On the other hand, malicious hackers and government entities ARE incentivized to find these rare bugs, because they get a payoff only if they DO find one. So they can dedicate all their time on the one target (or a small selection of targets) looking for even one error that the original programmers made.

It’s the difference between authoring a 1000 page novel and being that OCD guy who found the one punctuation error the editor missed.

Even JPEG is not some trivial thing. It’s not just “hey, display a block of red pixels and then a block of blue”… it has to deal with progressive decoding, interlacing, error correction, color spaces, EXIF extensions, and god knows what else. Each one of those features is probably written by a different team and integrated over decades, and a bug in any one of those components is a possible vector for steganographic malware. Hell, it might even actually display as a valid image with error-corrected noise – may or may not look like much to the human eye, but the JPEG decoder doesn’t know any better. It’s technically a “valid” image, except that one bug in that one library from 15 years ago means the next 80 bytes is read too and accidentally executed via a buffer overflow…

TLDR: Shit is hard. Security is boring (to most). It’s easier to fix problems as they’re found rather than to exhaustively audit every single line of every single component of every single program.

That’s true for any language, and it isn’t the cause of the majority of vulnerabilities.
These are logic and implementation problems, not typos.

Yeah, it’s very easy to make a typo in C, but the usual result of that is a program that won’t run at all, or which runs but which gives absurd results even for ordinary inputs. The sort of mistake that opens up exploits is at the logic or algorithm level, not at the typography level.

Add to this that demand for programming skills is so high that even poor programmers get jobs doing important things. And basically no liability for bad software falls on the original authors, so there is very little incentive to put effective quality control processes in place.

A lovely place to find C code with, well, interesting, bad properties is the Underhanded C Contest.

Here the goal is to craft a C program that performs a task, but typically, crafted with a very hard to find flaw that allows it to be exploited in a manner that undermines its base purpose. The site is well written, the contests all too believable, and the winning entries a geek’s total delight.

I don’t think this is completely true in the real world. There are plenty of exploits that take advantage of deliberately creating conditions that could never occur without malicious action.

There’s no good reason (other than security) to spend the effort to have a ZIP-expanding program be able to deal with a .ZIP file that’s larger than the biggest file the OS’s filesystem can support. If the (non-maliciously-influenced) FAT32 filesystem is really reporting a .ZIP file is multi-terabytes in size, having the decoding program crash is probably the least of your worries.

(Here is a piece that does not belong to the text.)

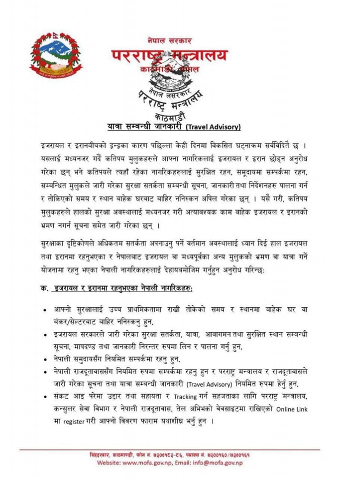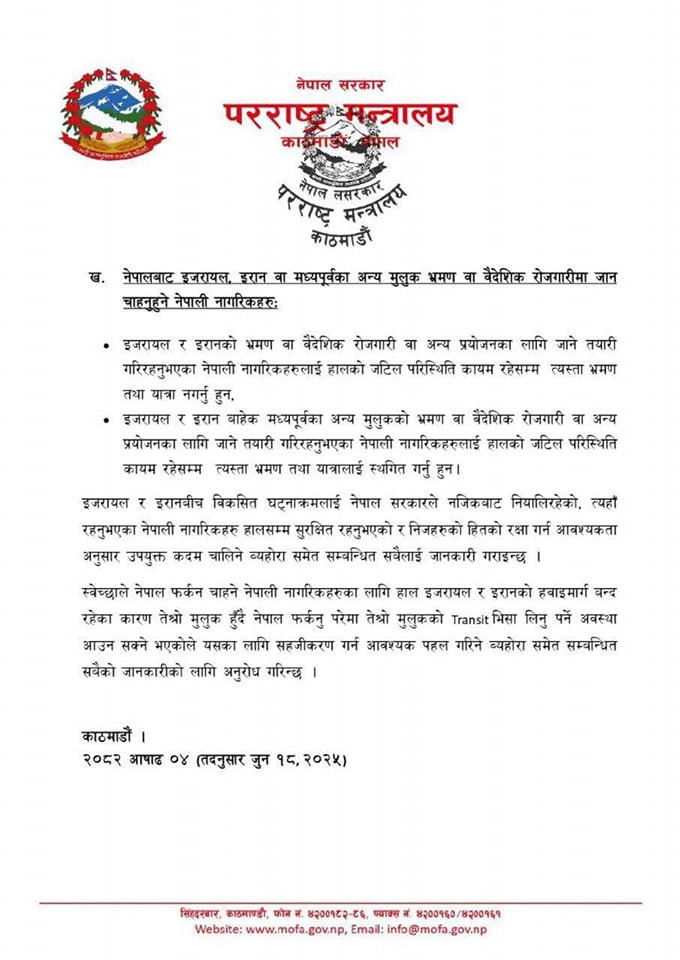 त्यस्तै, इजरायल र इरानबाहेक मध्यपूर्वका अन्य मुलुकको भ्रमण वा वैदेशिक रोजगारी वा अन्य प्रयोजनका लागि जाने तयारी गरिरहनुभएका नेपाली नागरिकलाई हालको जटिल परिस्थिति कायम रहेसम्म त्यस्ता भ्रमण तथा यात्रालाई स्थगित गर्नु हुनसमेत सूचनामा उल्लेख छ । इजरायल र इरानबीच विकसित घटनाक्रमलाई नेपाल सरकारले नजिकबाट नियालिरहेको उल्लेख गर्दै त्यहाँ रहनुभएका नेपाली नागरिक हालसम्म सुरक्षित रहनुभएको र निजहरुको हितको रक्षा गर्न आवश्यकताअनुसार उपयुक्त कदम चालिने जनाएको छ ।

Again, any program written today should be able to deal with even those kinds of inputs, because security is an issue. But I wouldn’t say that a programmer in 1988 was incompetent because they didn’t provide a graceful way to deal with a pathological file system.

And the point is, a lot of code written in 1988 is still being re-used, and so we’re still finding security issues that a modern competent programmer wouldn’t allow, but a 1988 programmer had little reason to avoid.